Quinlan Lab: Research: Regulation

Molecular Mechanism || Cell Biology || Regulation || Mammalian Disease

Regulation: How is the Spir-Capu complex regulated?

Cell polarity is commonly established in response to external signals which lead to rearrangement of the actin cytoskeleton. Given its role in actin nucleation, the Spir-Capu complex is a very likely target of regulation. We already know that Spir is removed from the oocyte cortex in a temporally controlled manner (Fig. 3). The Spir-Capu complex or Spir alone may be degraded or physically swept away at the onset of streaming. Based on existing data, candidate regulators of the Spir-Capu complex include Jun- N-terminal kinase, Rab11 and Rho. We will combine standard biochemical approaches and genetic screens to find proteins that interact with and regulate the Spir-Capu complex. A FRET assay that reports Spir-Capu interaction will facilitate rapid screening of potential regulators. We will combine the FRET assay and pyrene-actin polymerization assays to test regulation of the complex and its affect on nucleation activity

Immunofluorescence image of stage 9 and 10 Drosophila egg chambers. Spir (green) colocalizes with filamentous actin (red) at the oocyte cortex (arrow) only before stage 10 (arrowhead).

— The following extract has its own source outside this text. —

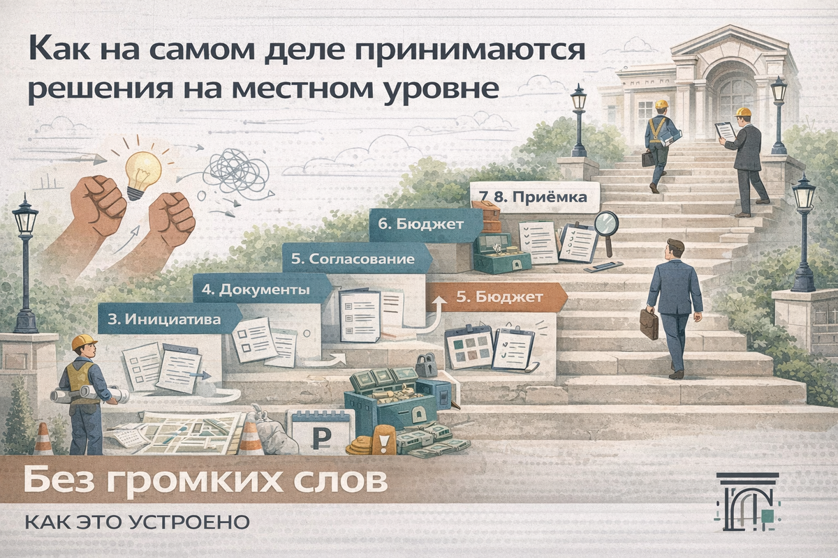 Многие думают: «Депутат сказал — сделали». В реальности даже простое решение проходит через десятки этапов. Сегодня покажу «кухню» муниципального управления без прикрас — от идеи до реализации. Никаких лозунгов, только факты и механика процессов. Источник может быть любым: Пример: жители просят установить фонари во дворе. На этом этапе выясняют: Если решение возможно, готовят: На этом этапе часто привлекаются профильные специалисты: инженеры, юристы, экономисты. Проект проходит через несколько ведомств: Каждый даёт замечания — документ дорабатывается. Даже если все согласны, нужны деньги. Варианты: Если денег нет — процесс останавливается до следующего бюджетного цикла. По закону (44‑ФЗ) для работ свыше определённой суммы нужен конкурс. Этапы: Этот этап может занять от 30 дней. Подрядчик выполняет работы под контролем: Создаётся комиссия, которая проверяет: Только после подписания акта выполненных работ проект считается завершённым.
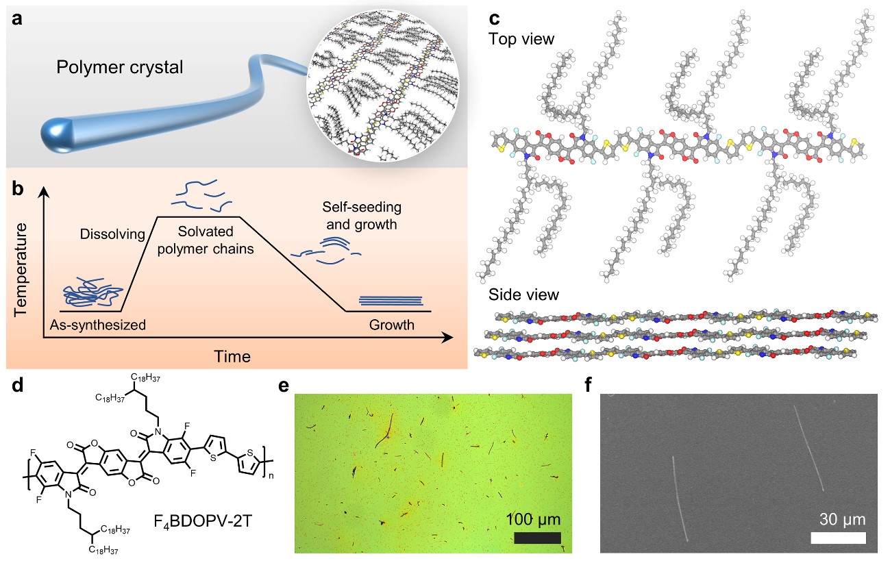 图1. 共轭高分子F4BDOPV-2T的晶体与晶体结构。a)微米线晶体示意图;b)晶体生长过程示意图;c)晶体堆积结构;d)化学结构;e,f)微米线晶体的光学显微镜图片与电子显微镜图片。

Interaction between Spir and Capu affects actin nucleation. (A) The Spir-KIND domain inhibits actin nucleation by Capu-family formins. We induced polymerization by mixing pyrene-labeled actin with Mg2+, K+ and Capu-FH1FH2. Addition of KIND to Capu-FH1FH2 before mixing with actin potently inhibited nucleation activity in a dose dependent manner. Protein concentrations: Actin – 4 mM (5% pyrene labeled), Capu-FH1FH2 – 10 nM, KIND – as indicated. (B) Capu enhances actin nucleation by Spir. We mixed several concentrations of a nucleation incompetent mutant of Capu-FH1FH2 (Capu-FH1FH2(I706A)) with the N-terminal half of Spir (NTSpir), which contains the KIND domain and four WH2 domains (only three concentrations are shown for clarity). Nucleation activity of NTSpir was increased by Capu-FH1FH2(I706A) until the proteins were approximately equimolar and then activity decreased. Inset. Capu-FH1FH2(I706A) does not enhance the activity of the WH2 cluster alone, indicating that an interaction between the KIND domain and the formin is necessary. Protein concentrations: Actin – 4 mM (5% pyrene labeled), NTSpir and WH2 – 250 nM, Capu-FH1FH2(I706A) –as indicated.